First, let's identify and remove the pixels that are external to the characters.

bw2 = ~bw;
imshow(bw2)
title('Complement of original image')

bw3 = imclearborder(bw2);
imshow(bw3)
title('External pixels removed from the foreground')


Now let's complement the image and clear the borders again.

bw4 = ~bw3;
imshow(bw4)
title('Complement of bw3')

bw5 = imclearborder(bw4);
imshow(bw5)
title('After second border-clearing')


If we fill the holes in the image bw5 above, and then take the exclusive-or of the result with bw5 we'll be left only with the internal hole pixels inside the characters.

bw6 = imfill(bw5,'holes');
bw7 = xor(bw6,bw5);
imshow(bw7)
title('Internal hole pixels')


We're almost there. We can now use bw6 to "fix up" the initial filled result, bw_filled, using an exclusive-or operation.

bw_final = xor(bw_filled,bw7);
imshow(bw_final)
title('Presto!')


Readers, how would you solve this problem? Brett and I think there might be a couple of other reasonable approaches. Let us know in the comments.

Get the MATLAB code

Published with MATLAB® R2016b

Pierre replied on : 1 of 7

Without changing the algorithm, each imclearborder(bw) can be replaced by imfill(bw,[1 1]). I guess that this simple flood fill executes much faster than the imclearborder, which contains several operations (padarray, imerode, imreconstruct).

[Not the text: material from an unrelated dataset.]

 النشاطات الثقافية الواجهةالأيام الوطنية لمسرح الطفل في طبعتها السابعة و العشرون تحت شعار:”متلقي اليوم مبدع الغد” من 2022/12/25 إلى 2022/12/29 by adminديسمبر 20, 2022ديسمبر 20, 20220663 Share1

Steve Eddins replied on : 2 of 7

Pierre—Thanks.

Wolfgang replied on : 3 of 7

Interesting problem! I’d use bwboundaries:

bw_filled = imfill(bw,'holes');
[~,L,~,A] = bwboundaries(bw);
[i,j] = find(A);
I = ismember(j,i);
bw_filled(ismember(L,i(I))) = false;
imshow(bw_filled)

Best regards, Wolfgang

Steve Eddins replied on : 4 of 7

Wolfgang—Thanks!

bshoelso replied on : 5 of 7

Steve:

Pierre’s comment intrigued me, so I tested his idea out. In fact, imfill(bw,[1 1]) is faster than imclearborder(bw)–by about 2.5 times. BUT…a) they do not produce the same results; and b) both imclearborder(bw) runs on these images in about 5 milliseconds. (It’s pretty fast!)

It’s likely that the imfill(bw,[1 1]) could be used to replace imclearborder, but not without changing the algorithm.

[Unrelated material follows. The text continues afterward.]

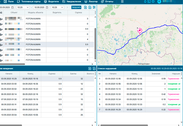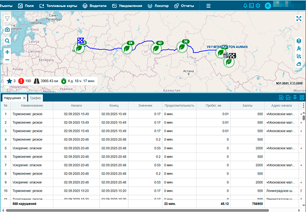 Анализ агрессивных манёвров, резких торможений, ускорений на основе данных с датчиков терминалов. Позволяет снижать риски ДТП, продлевать срок службы техники и повышать безопасность.
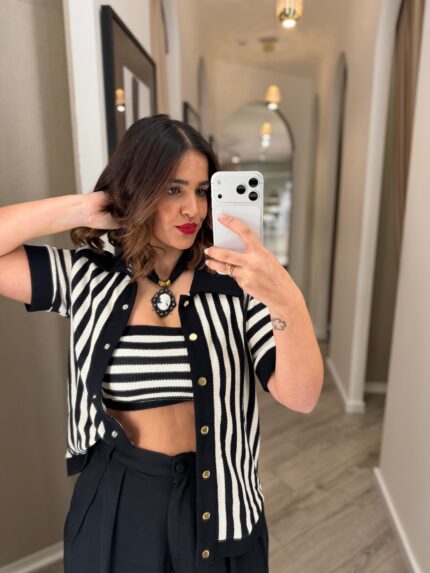 €88.00CARDIGAN MALHA ÀS RISCAS PRETO E BRANCO LANÇA PERFUME

On the other hand, Wolfgang’s algorithm runs about 4 times faster than yours, and looks good. (The results are not identical; your approach masks inner holes from the inside borders of the interior regions, while Wolfgang’s approach masks from the outer borders of the interior regions. Both look good–just different!)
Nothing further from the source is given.